20. A container of water is sitting on a scale. Originally, the scale reads M1 = 45 kg. A block of wood is suspended

from a second scale; originally the scale read M2 = 12 kg. The density of wood is 0.60 g/cm^3; the density of the

water is 1.00 g/cm3

. The block of wood is lowered into the water until half of the block is beneath the surface.

What is the resulting reading on the scales?

45.0 kg ? kg

? kg

12.0 kg

(A) M1 = 45 kg and M2 = 2 kg.

(B) M1 = 45 kg and M2 = 6 kg.

(C) M1 = 45 kg and M2 = 10 kg.

(D) M1 = 55 kg and M2 = 6 kg.

(E) M1 = 55 kg and M2 = 2 kg CORRECT

## Homework Equations

F_apparent = F_g - F_b

F_g = mg

F_b = m_fg

F_b = ρ_fV_fg

F_b = ρVg

## The Attempt at a Solution

I've heard that one easy approach is to consider that the initial net external forces is the same as the final net external forces.
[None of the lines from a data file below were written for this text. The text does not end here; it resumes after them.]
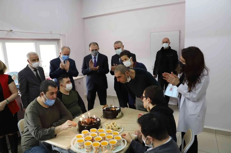 Elazığ Fırat Üniversitesi Rektörü Fahrettin Göktaş, halk eğitim merkezinde öğrenim gören 2 özel öğrencinin doğum günü olması sebebiyle pasta kesip doğum günlerini kutladı.
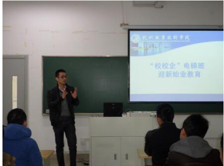 3月11日上午,2015年首期“校校企”电梯班新生始业教育在友嘉机电学院2509教室举行,大会由继教院副经理黄允政主持。友嘉机电学院副经理潘建峰对电梯班员工的培养方案进行了解读,杭州容安特种设备有限公司韩霁副总经理介绍了公司培训情况,友嘉学工办主任傅淑燕就员工管理规定及安全教育等对同学们提出了要求及希望。
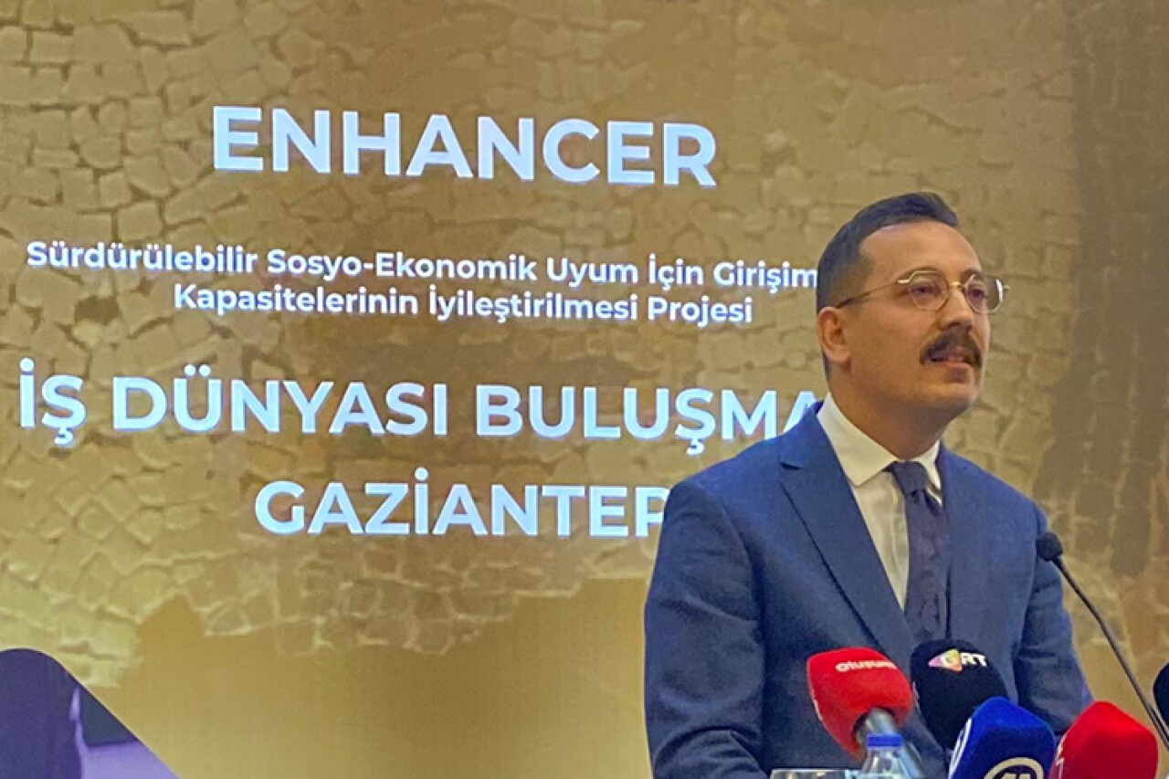 Avrupa Birliği tarafından finanse edilen ve Uluslararası Göç Politikaları Geliştirme Merkezi (ICMPD) tarafından, T.C. Sanayi ve Teknoloji Bakanlığı Kalkınma Ajansları Genel Müdürlüğü koordinasyonuyla yürütülen “Sürdürülebilir Sosyo-Ekonomik Entegrasyon için Girişimcilik Kapasitelerinin İyileştirilmesi (ENHANCER) Projesi” yeni çalışması, ‘İş Dünyası Buluşması’ ile Gaziantep’deydi.
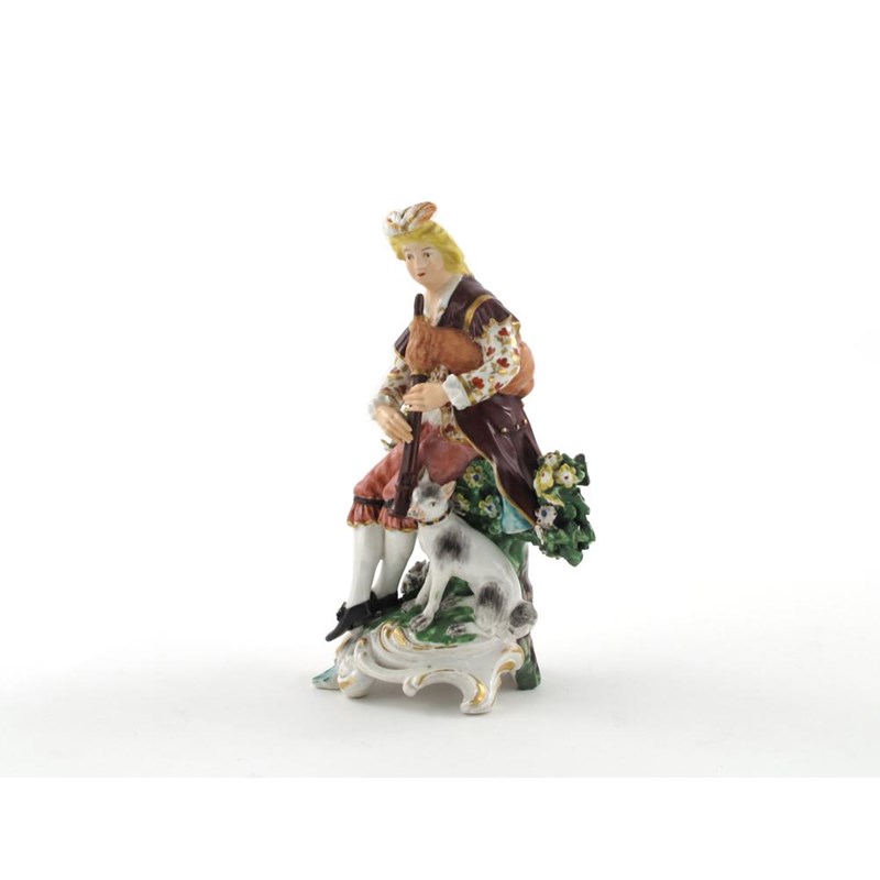 A Derby figure of a piper shepherd c.1775-80, seated on a flowering stump, his bagpipes tucked under one arm, his dog seated by his side on a scrolled base, incised 'No. 301' and further incised marks, some faults, 18cm.
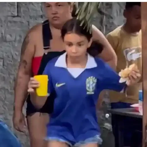 Menina vestindo uma camisa do Brasil, segurando um copo amarelo e um sanduíche, com uma mulher e um menino ao fundo.
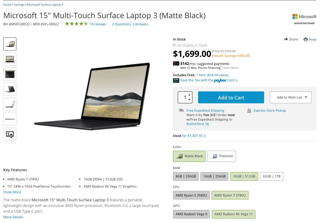 B&H Surface 3 laptop sale Feb 2021
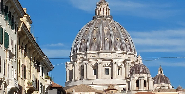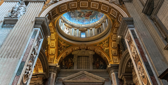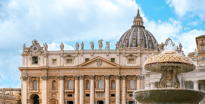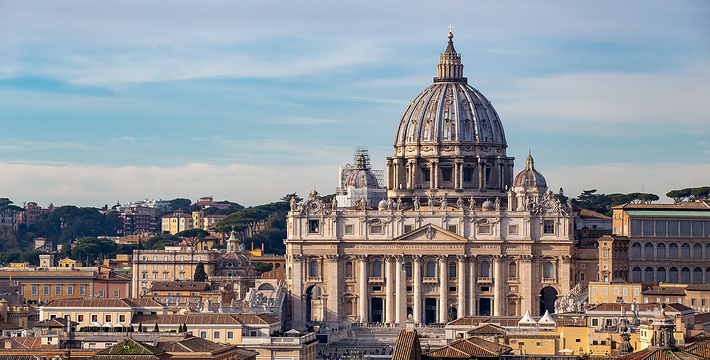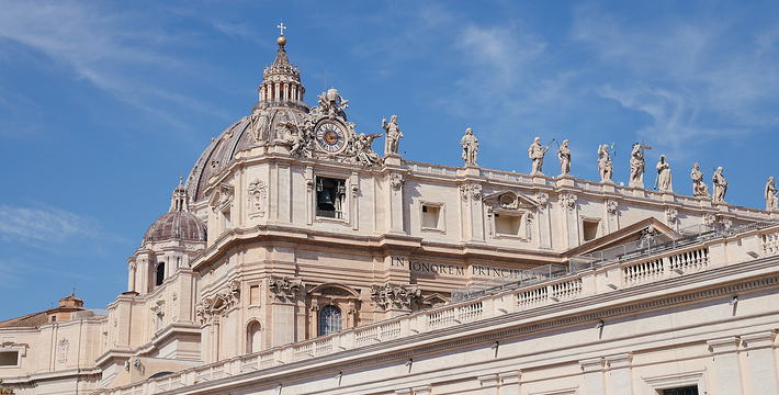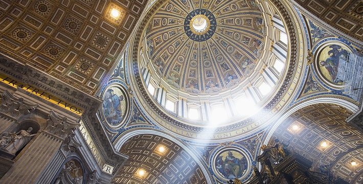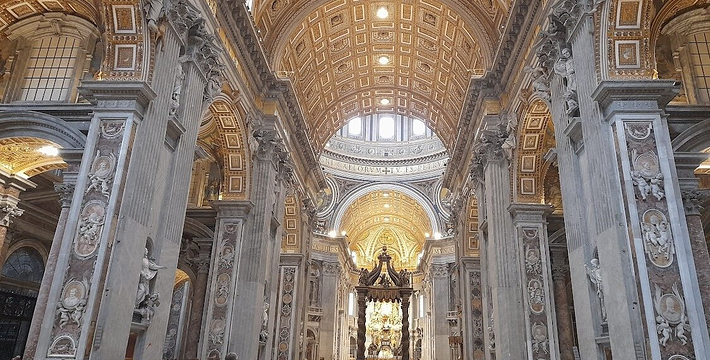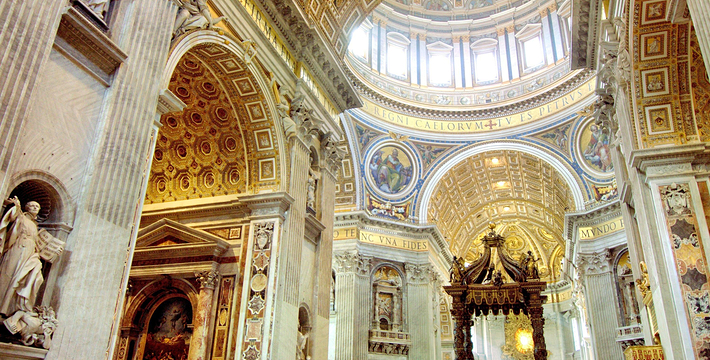 罗马天主教的中心教堂,欧洲天主教徒的朝圣地与梵蒂冈罗马教皇的教廷。位于意大利首都罗马西北的梵蒂冈。於西元326年落成。16世纪,教皇朱利奥二世决定重建圣彼得天独厚教堂,并於是1506年破土动工。在长达120年的重建过程中、米开朗琪罗、德拉•波尔塔和卡洛•马泰尔相继主持过设计和施工,直到1626年11 月18日才正式宣告落成。圣彼得大教堂是一座长方形的教堂,整栋建筑呈现出一个十字架的结构,造型是非常传统而神圣的。324年,原始的构想只是一座小会堂,建於圣彼得墓穴的正上方,在十五世纪时开始改建,终於在1626年完成了现在的模样。圣彼得教堂不仅是一座富丽堂皇值得参观的建筑圣殿,它所拥有多达百件的艺术瑰宝,更被视为无价的资产。

So the only answer that makes sense is E -- which sums to 57. Why is this approach valid?

But my approach was as follows:

Wood:

F_app = 12g - (1000 kg / m^3)(6 kg)(1 m^3 / 600 kg)g

F_app = 2 g

m_app = 2kg

Water:

In this case, the apparent weight should be:

F_app = 45g + that mess up there with the densities

F-app = 55 g

m_app = 55 kg

But why should the buoyancy force be added to the weight?